No es de ahora, por la pandemia, desde siempre fue así.
Cuando lo conocí me pareció un tipo apuesto, de traje, aunque
sin afeitar por dos días, casi normal. Sin embargo, percibí ese olor acre de
los desequilibrados, de los que consumen los fármacos que les receta el
psiquiatra. Emanaba un sudor, así de picante.
Supe que tiempo atrás se bañaba desnudo en la canilla del
patio comunitario, a la vista de todos y luego, limpito, prendía su Wincofon y
atronaba el vecindario con rock nacionalo.

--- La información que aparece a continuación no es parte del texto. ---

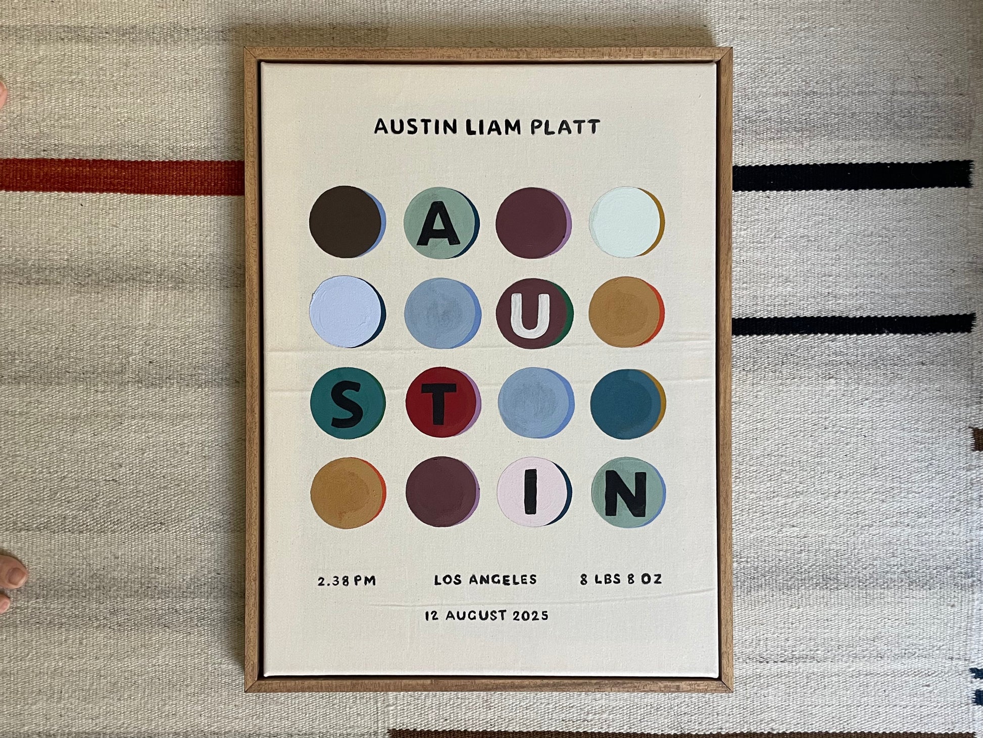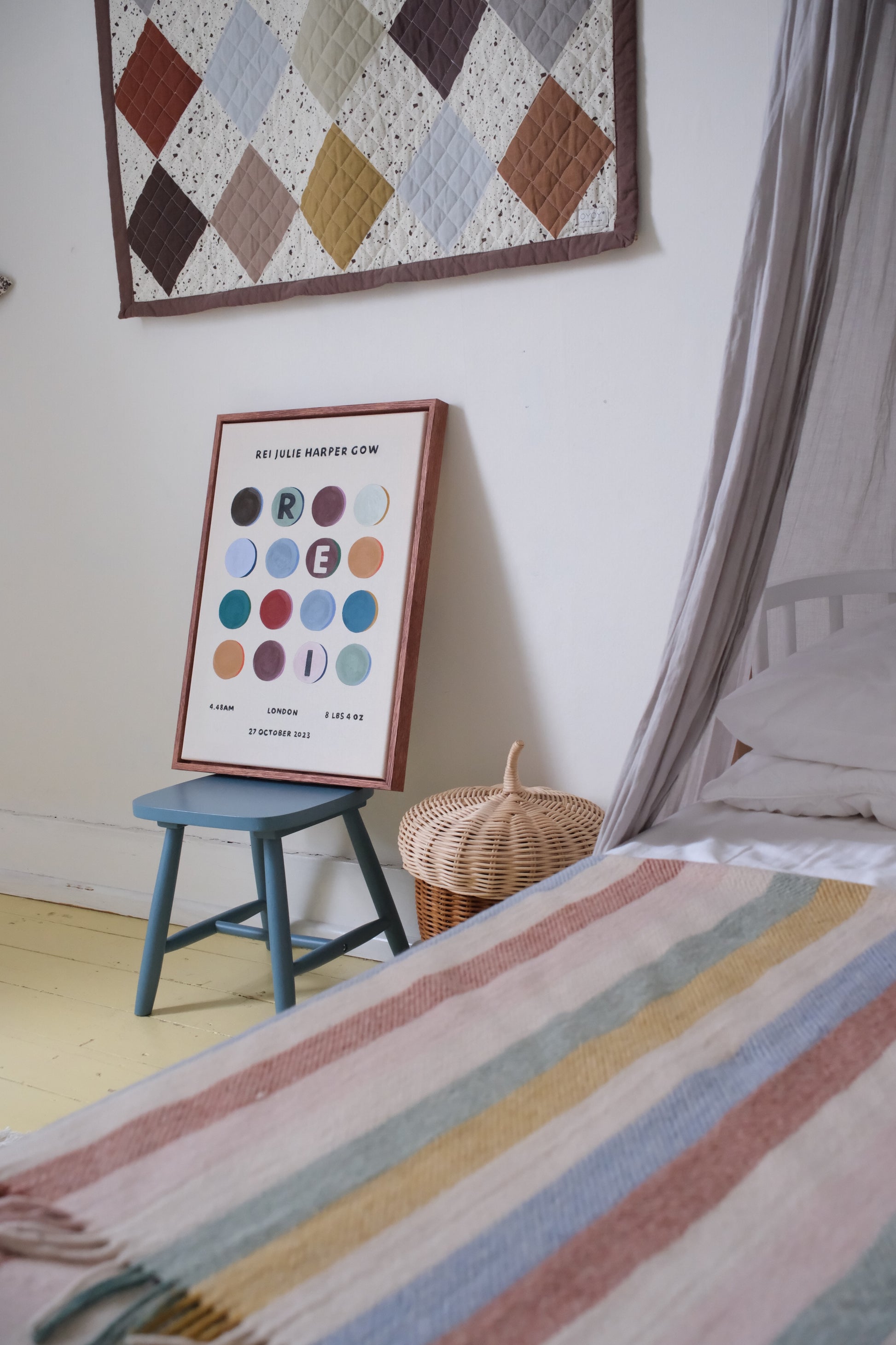 Designed as a modern keepsake, this piece is made to live beyond the nursery — a quiet, considered artwork that grows with your child.

Eduardo convivía con sus gatos, y cuando tenía hambre, mataba
uno y lo ponía a cocinar en la olla abollada sobre el triste fueguito que
encendía en el zaguán.
Otras veces, salía a pasear por el barrio, siempre vestido
con su traje lleno de pelusas, y en la solapa, se balanceaba uno de sus gatos
preferidos, el gris peludo, que no se animaba a saltar.
Una mañana de neblina pasó frente a un camión que no pudo
frenar a tiempo. De la consola se oía “Canción para mi muerte”. Dicen que en el
velatorio, “Los gatos” lo acompañaron con la balsa. Era la balsa de Caronte que
navegaba, no en la laguna Estigia, sino en los charcos del pavimento.